▶ Given records

· · · · ·

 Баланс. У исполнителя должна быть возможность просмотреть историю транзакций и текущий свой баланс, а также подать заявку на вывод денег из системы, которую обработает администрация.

· · · · ·

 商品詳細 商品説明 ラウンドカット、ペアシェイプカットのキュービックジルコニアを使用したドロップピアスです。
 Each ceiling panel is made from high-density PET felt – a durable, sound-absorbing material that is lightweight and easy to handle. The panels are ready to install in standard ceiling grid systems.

· · · · ·

▶ Problem
Look back at the entries above and repeat, unchanged, every line from the line holding "商品詳細 商品説明 ラウンドカット、ペアシェイプカットのキュービックジルコニアを使用したドロップピアスです。" through the line holding "Each ceiling panel".

▶ Written response
 商品詳細 商品説明 ラウンドカット、ペアシェイプカットのキュービックジルコニアを使用したドロップピアスです。
 Each ceiling panel is made from high-density PET felt – a durable, sound-absorbing material that is lightweight and easy to handle. The panels are ready to install in standard ceiling grid systems.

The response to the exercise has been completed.